就寝前に品の補充や点検を手伝い、やってくるお客様と少し会うのが、浮草のルーティンだ。
浮草は店内を見回す。ここに並ぶのは、基本的には魔道具、呪具などと呼ばれるものだ。職人の一点モノもあれば、魔術に使用する消耗品なども取り揃えており、魔術・魔法道具屋さんともいえる。
ちなみに、この手の魔具も、薔薇には基本的には効かない。ちゃんとした呪いの道具もあるが、薔薇はそれすら効かないのだ。逆に使うこともできない。ちゃんと呪える人形に、薔薇がいくら釘を打とうが、効果が全くでないのだ。まあ、薔薇の場合、怒らせたら本人が殴りにいくので使えなくても関係ないが。
そう。だから生き霊ごときにどうこうされるような人間ではない。ないのだが、家族の周りをよくわからん羽虫が飛び回っていたら、目障りだ。
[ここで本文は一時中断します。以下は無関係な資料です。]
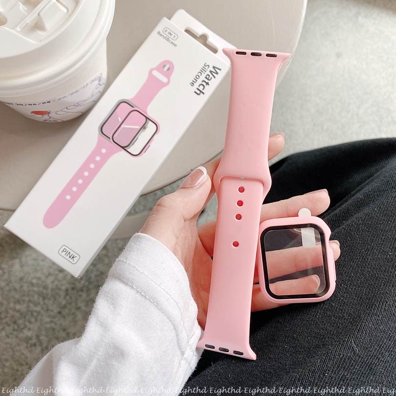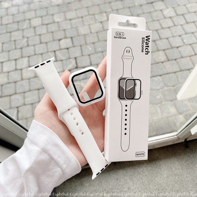 2 in 1 Watch Case + Strap For Smart Watch Series 8 7 6 SE 5 4 3 2 1 41mm 45mm 44mm 40mm 42mm 38mm Protective Shell Smart Watch Band Full Protection Bumper Accessories Wristband
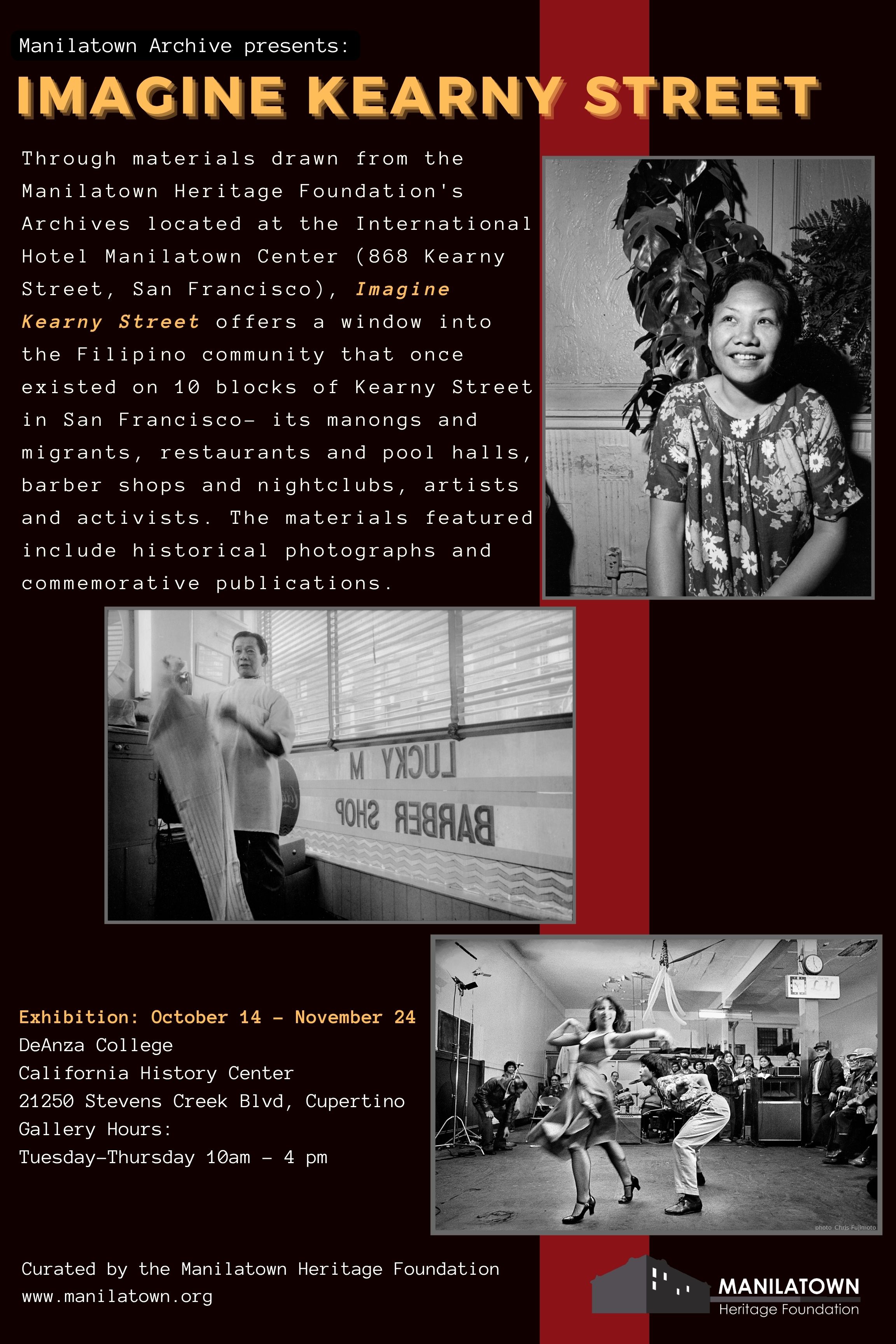 Through materials drawn from the Manilatown Heritage Foundation's Archives located at the International Hotel Manilatown Center (868 Kearny Street, San Francisco), "Imagine Kearny Street", offers a window into the Filipino community that once existed on 10-blocks of Kearny Street in San Francisco - its manongs and migrants, restaurants and pool halls, barber shops and nightclubs, artists and activists. The materials featured include historical photographs and commemorative publications.

それに、本当にこのまま何もないとは限らない。血縁者の死霊(しかも地獄行き確定済み)を隠れ蓑にして、怪奇現象を起こす生き霊? 普通ではない。遭遇したこともない。なら、普通ではないことが起こるかもしれない。
カララン
ドアベルが鳴って、客の来店を告げる。
「いらっしゃいませ」
「こんばんは」
鶺鴒の営む「雑貨屋さん」にやってくるのは基本、特殊なお客様。いま現れた客もそう。先代店主の頃からの常連客であり、防人家の方がお世話になることもある。
「あら、浮草くん。こんばんは」
「こんばんは、流火さん」
優しい日溜まりのような笑顔に、浮草もニッコリ笑って頭を下げる。
叢雲流火。見た目は、三十代半ばの日本人女性。長い黒髪をひとつに纏めたシンプルなヘアスタイルだが、彼女の髪には美しいアクセサリーが飾られている。今宵は、陽の光を集めたような美しい宝石が鏤められたバレッタ。少し前までの彼女は、装飾品の類いを全く身に付けなかったのだが、最近すてきな贈り物をもらうようになり、それを身に付けるようになった。鶺鴒の店には、その返礼品を購うためによく来店するようになった。
「何か面白いものあるかな」
「前回は自動筆記してくれる羽根ペンでしたけど、どうでした?」
「あれね! 瓊助よりも黒龍たちがハリポタだって大喜び」
「ははは。出てくるんですか、そういうの」
「さあどうなんだろ…わたしは読んだことがないから。でも西洋の魔法使いっぽさ凄かったものね、あれ」
「作った人、最初の購入者が流火さんで、しかもプレゼント用だと知って大喜びしてましたし、現在完売、受注生産で順番待ちですよ」
「あら、本当に宣伝文句に使ったの? 売り上げに貢献できて良かった」
「それはそうですよ。あの叢雲流火が買ったなんて、つい買っちゃいますよ」
ほのぼのとした店主と客の会話。そろそろ浮草は寝るために引っ込もうと、店と家を繋ぐドアの方へ爪先を向ける。
「ところで、呪詛を打たれてるけど、大丈夫?」
浮草は思わず振り向いた。流火は心配そうに眉根を寄せている。
「あー…。分かりますよね。でも、それがその、ターゲットが薔薇で…」
困り果てた半笑いを浮かべる鶺鴒。
「あら。それじゃあ呪詛返しもできないじゃない。えっ、どうしたらいいんだろう?」
「目下考え中です」
歴戦の叢雲流火ですら困惑する現状を、浮草は改めて思い知る。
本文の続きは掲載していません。